There are many similar challenges that data warehouse designers face on every project. For instance two challenges we are often called upon to decide how to handle changes to source system models and the proper handling of changes to reference and master data.
The former is usually handled by splitting logical entities when creating physical tables separating attributes and relationships that have a higher probability of changing. The latter is commonly handled in one of three ways. Method one sees non volatile and volatile attributes are split into two tables (with a one to many relationship) Method two has the current attribute values are held in one table with changes over time maintained in a second table (again one to many). Finally, method three has changes across a number of concepts tracked in an audit table which is only intended for forensic purposes.
On recent data warehouse projects, we are using a variant of method one that has been formalised as “The Data Vault”. The Data Vault techniques put forward by Dan Linstedt formalises both of these issues and makes sensible design recommendations. In particular, it adopts an approach using “hub”, “link” and “satellite” tables.
Originally, Linstedt attempted to patent these concepts, but this application was rejected and he has now adopted a free approach and is promoting his concepts through books, training and his web site: http://www.danlinstedt.com/


October 28th, 2009 at 10:14 pm
We have developed data modeling patterns optimized for Master Data Modeling. It would be an interesting exercise to merge the approaches: 3NF, DW modeling approaches, and MDM modeling approaches
October 30th, 2009 at 9:25 am
Larry, I am very interested in anything that combines approaches. While we all often use different techniques to solve problems we face, the biggest challenge we seem to face is standardisation of terminology and approach.

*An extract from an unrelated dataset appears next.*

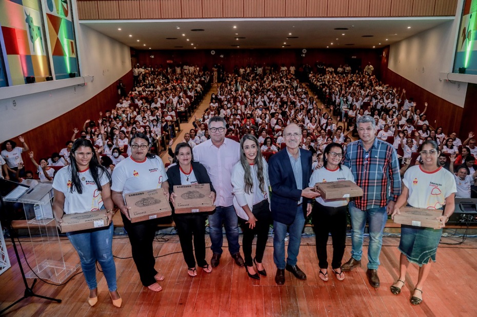 A solenidade realizada no Centro de Convenções e Eventos Zeca Peixoto – obra que revitalizou o Cine São Francisco – foi aberta com a participação virtual do representante das empresas Google for Education, Fábio Nakano; e Ensinar Tecnologia, Cláudio Castro.
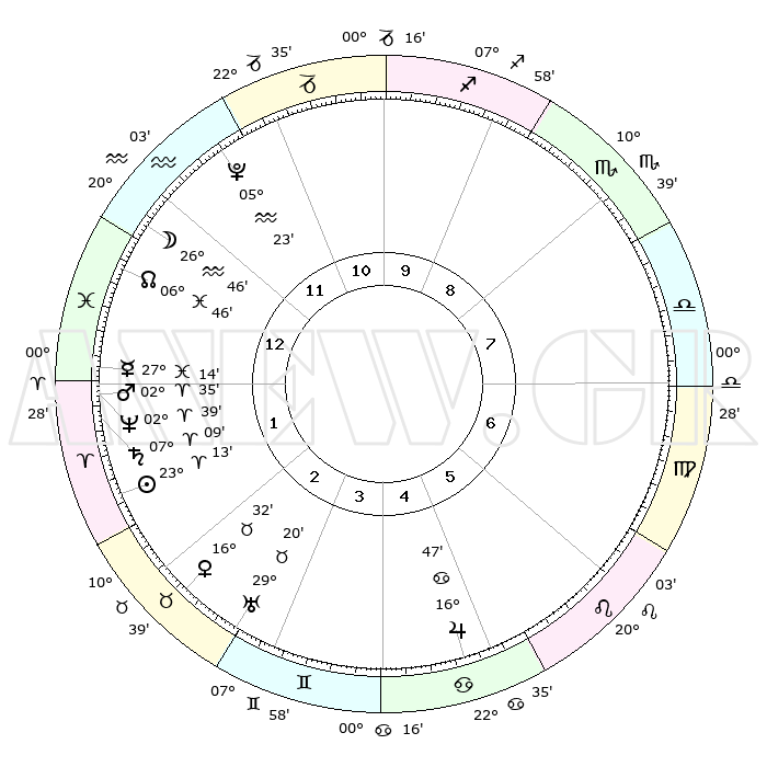 | | ΘΕΣΕΙΣ ΠΛΑΝΗΤΩΝ ΑΣΤΡΟΛΟΓΙΚΟΥ ΧΑΡΤΗ ΤΗΣ ΣΤΙΓΜΗΣ ΑΥΤΗΣ | | | | Πλανήτης | Ζώδιο | Μοίρες | Δεκαήμ. | Σε οίκο | Απόκλιση | | Ακμές των οίκων | | Ηλιος | Κριός | 23°09' | Τρίτο | 2 | 09 N 00 | | 1ος | 22°33' | Υδροχόος | | Σελήνη | Υδροχόος | 25°54' | Τρίτο | 1 | 13 S 55 | | 2ος | 08°21' | Κριός | | Ερμής | Ιχθείς | 27°09' | Τρίτο | 1 | 03 S 27 | | 3ος | 12°33' | Ταύρος | | Αφροδίτη | Ταύρος | 16°27' | Δεύτερο | 3 | 16 N 50 | | 4ος | 07°45' | Δίδυμοι | | Αρης | Κριός | 02°32' | Πρώτο | 1 | 00 N 06 | | 5ος | 29°31' | Δίδυμοι | | Δίας | Καρκίνος | 16°46' | Δεύτερο | 5 | 22 N 45 | | 6ος | 22°22' | Καρκίνος | | Κρόνος | Κριός | 07°09' | Πρώτο | 1 | 00 N 52 | | 7ος | 22°33' | Λέων | | Ουρανός | Ταύρος | 29°20' | Τρίτο | 3 | 19 N 50 | | 8ος | 08°21' | Ζυγός | | Ποσειδώνας | Κριός | 02°39' | Πρώτο | 1 | 00 S 09 | | 9ος | 12°33' | Σκορπιός | | Πλούτωνας | Υδροχόος | 05°23' | Πρώτο | 12 | 22 S 47 | | 10ος | 07°45' | Τοξότης | | Β. Δεσμός | Ιχθείς | 06°46' | Πρώτο | 1 | 09 S 02 | | 11ος | 29°31' | Τοξότης | | Ωροσκόπος | Υδροχόος | 22°33' | Τρίτο | | | 12ος | 22°22' | Αιγόκερως | | Μεσουράνημα | Τοξότης | 07°45' | Πρώτο | | | |

March 16th, 2010 at 9:16 pm
Hi Folks,
You can find out more about the Data Vault and why organizations are standardizing on the approach here: http://www.b-eye-network.com/blogs/linstedt you can also join (for free) the forums we have here: http://www.DataVaultInstitute.com
I am trying to get more information out for everyone to use, please let me know if you might be interested in a Data Vault Modeling book. Feel free to contact me directly.
Cheers,
Dan L
DanL@DanLinstedt.com
March 23rd, 2010 at 9:33 pm
Would love to answer your questions, I just refreshed my web-site to bring it up to date – make it more dynamic in nature. I’ve now got a wordpress blog going on. Please let me know how I can assist in spreading the knowledge.
By the way, the patent on the Data Vault was an attempt by my old company, and has been long since denied (much to my delight). I always believed that the Data Vault Modeling and Methodology techniques should be “open to everyone”
Cheers,
Dan Linstedt
March 27th, 2010 at 9:29 am
Dan,
Thank-you very much for your comment and your new site looks great. I’d be very keen to see a detailed Data Vault article up on MIKE2.0 which links back to your site and a similar link from your site. Would you be able to prepare something (doesn’t need to be long)? Interesting to note your comment about the patent and shows how complex IP issues can be!
Best regards,
Rob